EU Spin Me Right Round, Baby
Yeah I, I got to know your name
Well and I, could trace your private number baby
All I know is that to me
You look like you’re lots of fun
Open up your lovin’ arms
I want some
You spin me right round, baby
Right round like a record, baby — Dead or Alive
It didn’t use to be like this. Your P&L, your performance, didn’t depend on how well you were gaming the cycle of “Same Crisis as Yesterday, so Panic” to “Oh, The World Won’t Collapse Tomorrow, so Buy” over and over and over. And over.
It is time to panic about Greece and the Eurocrisis – The Cody Word …
Jan 27, 2012 – Seriously, if you were worried about Greece’s debt crisis and the …Cody Willard writes Revolution Investing for MarketWatch and posts the …
Now’s the time to panic about the EU crisis – The Cody Word …
Nov 30, 2011 – Cody Willard writes Revolution Investing for MarketWatch and posts the … /01/business/central-banks-move-together-to-ease-debt-crisis.html?
Remember the great Greek crisis — of May 2010? – The Cody Word … Jul 11, 2011 – the same thing during last month’s Greece crisis. …. Cody Willardwrites Revolution Investing for Marketwatch and posts the trades from his …
Alas, such is the stock market we live in today. And the markets here this morning, it’s a broken record yet again:
Spain Bedevils Markets Again
Spain continued to cast a long shadow over financial markets as a fresh selloff in Spanish bonds underscored concerns that the country may need a formal bailout.
And it’ll be an ugly open. As usual, I don’t think we should panic and indeed should try to buy the EU-crises panics like this, as we have been doing so successfully for the last, now year and a half. To be sure, I thought we’d have more space between this panicked sell-off and the last one, but it is what it is. Just Friday morning, I’d written, “I do think it’s getting closer to being more of a time to start trimming and building up our short hedges than to be so heavily long as we have been while prices were lower.” And I followed through with some selling as noted.
I still don’t think we should actually panic any more over Greece/Spain and the EU as a macro-economic issue or a major threat to either our own economy or the stock markets. The markets are all down since the advent of the EU after having been in growth mode for decades before that…but that doesn’t mean we won’t have a week or two of markets that slide lower.
And I’m not sure I’d call this pullback so far anything but a pullback. Remember my Top 3 signs that the market’s in a panicky sell off:
- The headlines are all dominated with gloom and doom and explanations and reasons that you should be panicking
- The bears I talk to are gloating and the bulls I talk to aren’t just selling, but selling their key holdings into the downturn and are sick to their stomachs.

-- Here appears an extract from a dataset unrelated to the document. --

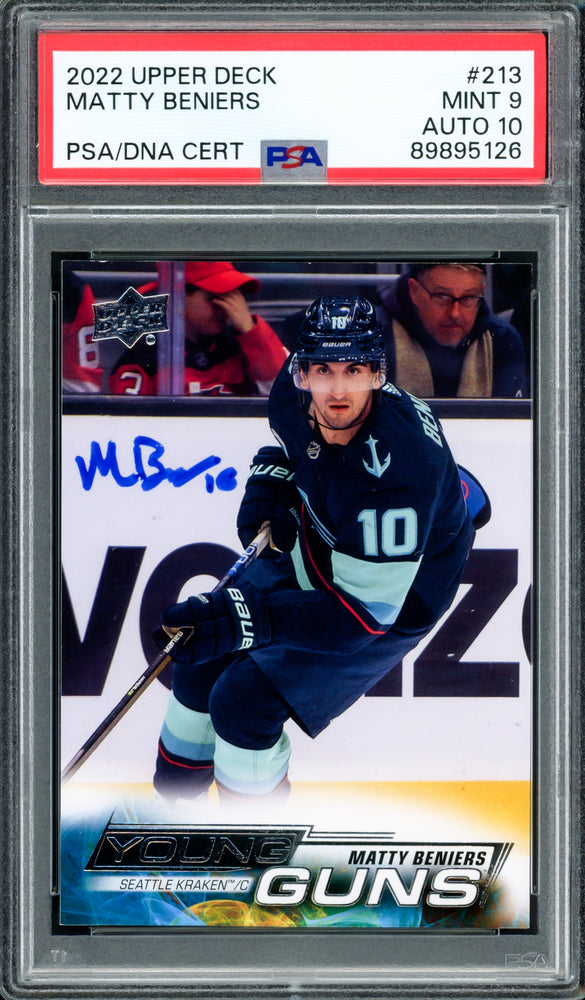 This is a 2022 Upper Deck Young Guns Rookie Card #213 that has been hand signed by Matty Beniers. The condition of this card was graded a Mint 9 by PSA. The condition of the signature was graded a Gem Mint 10 by PSA/DNA. It has been certified authentic by PSA/DNA and comes encapsulated in their tamper-proof holder.

- The sell-off, even at just 5%, is so straight down and so clearly full of panicky selling, that you can’t miss it.
That said, I’ll go back to what often drives the markets for the short-term — and that is fear. Who’s more scared, the bulls or the bears? The bulls are scared, the bears are thinking they’ve finally got their big crack. Again. Again. Again. Like they did every other time the markets have sold off over EU-debt crisis fears.
I’m not going to try to change my stance over any of this.